The geographical reach of the devastation wrought by these 12 detention centres was almost as alarming as the devastation itself. The Glasgow representative followed the Belfast one, then it was Exeter’s turn, then Cardiff, then Swansea, then Newport, Liverpool, Manchester, Leeds, Bradford, Rotherham, Sheffield, Dover, Newcastle, Bristol, London, Oxford, Malvern, Cheltenham, Slough, Birmingham, Coventry…on and on and on. Together, they formed a human map of suffering spanning the length and breadth of the British Isles. There was, however, a flip side to this regional-breakdown, as each representative also informed the rest of us what the local groups in their area were doing to support and protect individuals at risk. Representatives explained ‘signing-support’ mechanisms, signposted important info-hubs where groups could gather background on detention processes and their rights in immigration raids, and shared strategies for campaigning around reporting centre issues.
“Connections were made. Knowledge was disseminated. Networks were built.”
Soon, the hashtag #PeopleSupportingPeople was being used by those tweeting at the conference and resolve filled the room. ‘Solidarity’ was the word everyone sung to themselves when we went for the break.

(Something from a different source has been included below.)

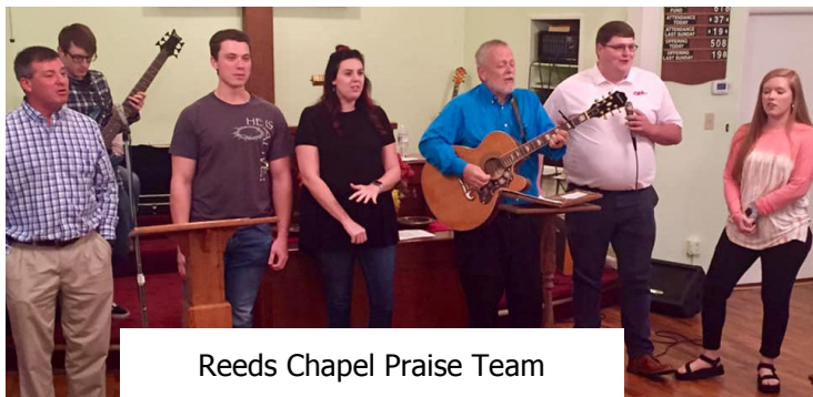
Reeds Chapel Praise Team

The final session of the day explored local strategies to challenge national injustice, but it also left room for wider conversation about the complex causes of migration, the UK’s responsibility for these causes, and how to best to tackle ‘Fortress Europe’. In doing so, the debate which followed addressed some of those questions which had hung so heavy at the beginning of the conference and challenged the easy cynicism which I, and others working with migrants in the UK, have felt towards the recent surge in concern for refugees abroad.
The truth is that there can be little doubt that the changing face of governmental rhetoric has been a response to the volatile nature of populism, otherwise equally capable of igniting scapegoating and xenophobia (as these headlines crudely demonstrate). But it would be a tragic mistake for those of us passionate about migrant rights to cynically dismiss the momentum that brought tens of thousands of people out onto the streets this weekend under the #RefugeesWelcome banner. Moving the conversation from ‘charity’ to ‘justice’ depends on our ability to harness that energy but also to stress the links between those desperately trying to reach the UK and those already here, desperately trying to survive. If this year’s Right to Remain conference taught me anything it’s that solidarity – between different social justice struggles, between different communities affected by immigration enforcement, between migrants wherever they are – will always be a necessary precursor to real, lasting change.